§ Data supplied:
Content starts

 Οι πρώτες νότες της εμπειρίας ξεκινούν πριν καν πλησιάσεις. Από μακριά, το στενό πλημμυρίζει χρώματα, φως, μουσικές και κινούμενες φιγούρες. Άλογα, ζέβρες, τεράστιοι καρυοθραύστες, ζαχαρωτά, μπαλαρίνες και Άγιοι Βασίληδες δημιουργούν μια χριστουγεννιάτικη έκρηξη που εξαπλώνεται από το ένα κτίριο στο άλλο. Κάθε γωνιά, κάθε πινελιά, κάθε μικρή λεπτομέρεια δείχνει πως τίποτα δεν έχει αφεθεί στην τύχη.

Content ends
Content starts

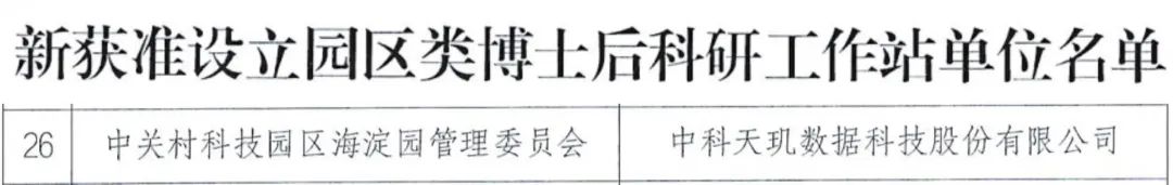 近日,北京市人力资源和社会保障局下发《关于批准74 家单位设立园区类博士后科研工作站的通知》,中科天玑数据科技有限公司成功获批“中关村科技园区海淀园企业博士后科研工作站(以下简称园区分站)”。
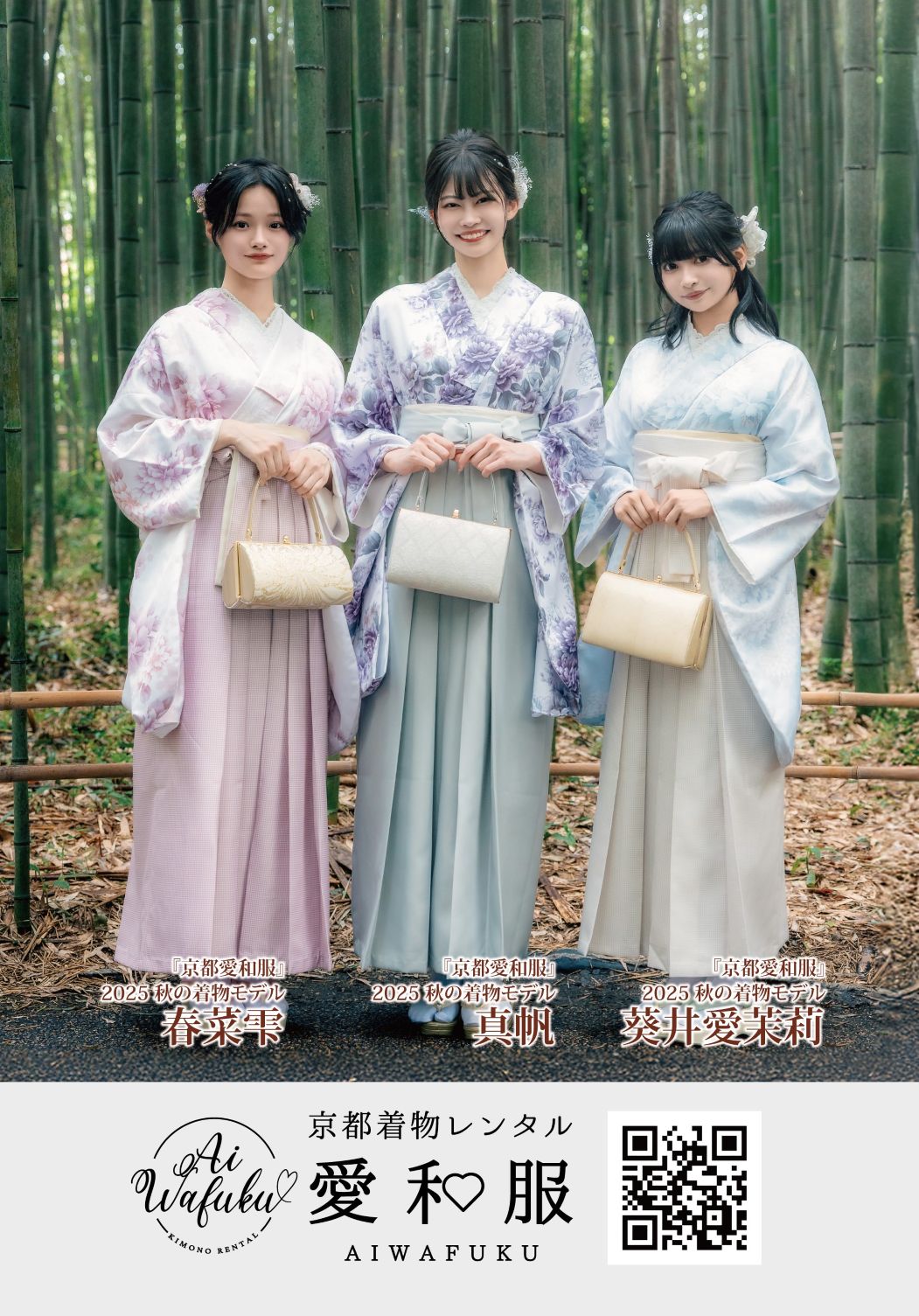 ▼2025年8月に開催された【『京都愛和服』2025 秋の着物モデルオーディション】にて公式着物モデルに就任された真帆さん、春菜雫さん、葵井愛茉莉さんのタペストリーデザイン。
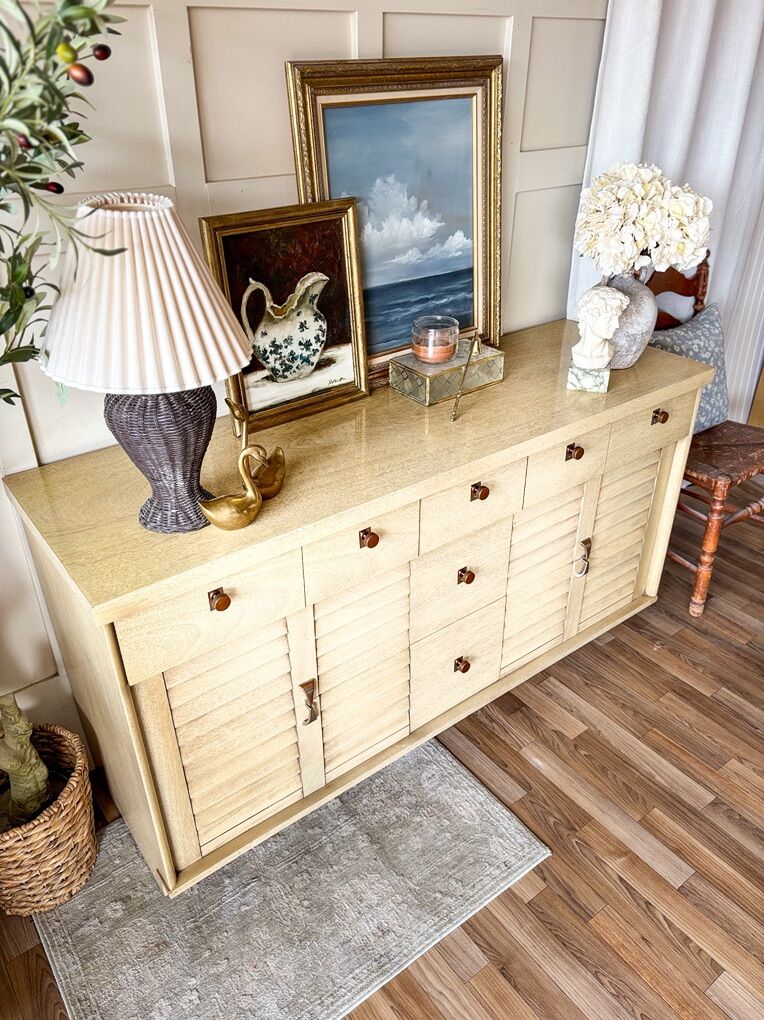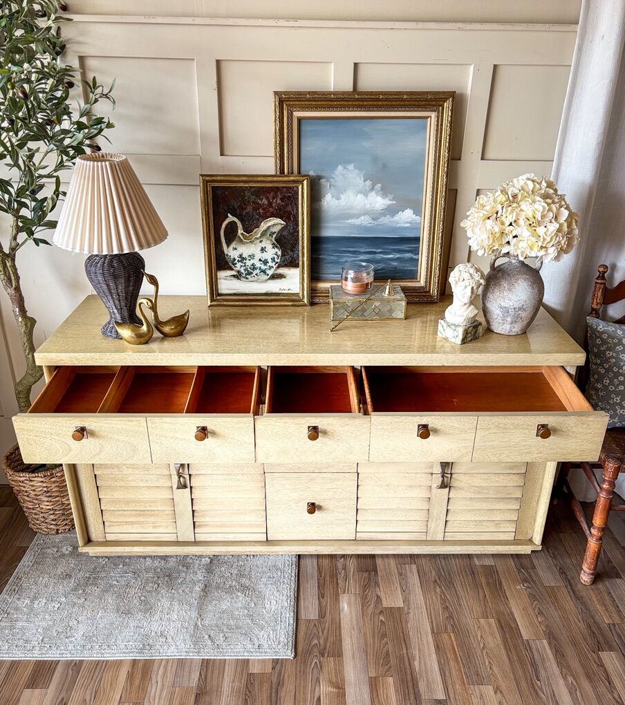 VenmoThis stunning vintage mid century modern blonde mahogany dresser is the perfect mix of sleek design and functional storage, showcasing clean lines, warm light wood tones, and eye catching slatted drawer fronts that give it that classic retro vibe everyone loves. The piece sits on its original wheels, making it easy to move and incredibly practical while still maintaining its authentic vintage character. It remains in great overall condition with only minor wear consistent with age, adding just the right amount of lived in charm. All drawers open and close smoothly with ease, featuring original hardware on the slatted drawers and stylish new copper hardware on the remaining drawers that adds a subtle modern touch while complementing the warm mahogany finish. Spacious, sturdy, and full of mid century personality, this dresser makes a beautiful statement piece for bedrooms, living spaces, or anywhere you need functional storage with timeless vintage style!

Content ends

Starting at the line above that has "近日,北京市人力资源和社会保" and ending at the line that has "VenmoThis stunning vintage", copy each line exactly, leaving the pictures out and adding nothing.

§ Answer box:
 近日,北京市人力资源和社会保障局下发《关于批准74 家单位设立园区类博士后科研工作站的通知》,中科天玑数据科技有限公司成功获批“中关村科技园区海淀园企业博士后科研工作站(以下简称园区分站)”。
 ▼2025年8月に開催された【『京都愛和服』2025 秋の着物モデルオーディション】にて公式着物モデルに就任された真帆さん、春菜雫さん、葵井愛茉莉さんのタペストリーデザイン。
 VenmoThis stunning vintage mid century modern blonde mahogany dresser is the perfect mix of sleek design and functional storage, showcasing clean lines, warm light wood tones, and eye catching slatted drawer fronts that give it that classic retro vibe everyone loves. The piece sits on its original wheels, making it easy to move and incredibly practical while still maintaining its authentic vintage character. It remains in great overall condition with only minor wear consistent with age, adding just the right amount of lived in charm. All drawers open and close smoothly with ease, featuring original hardware on the slatted drawers and stylish new copper hardware on the remaining drawers that adds a subtle modern touch while complementing the warm mahogany finish. Spacious, sturdy, and full of mid century personality, this dresser makes a beautiful statement piece for bedrooms, living spaces, or anywhere you need functional storage with timeless vintage style!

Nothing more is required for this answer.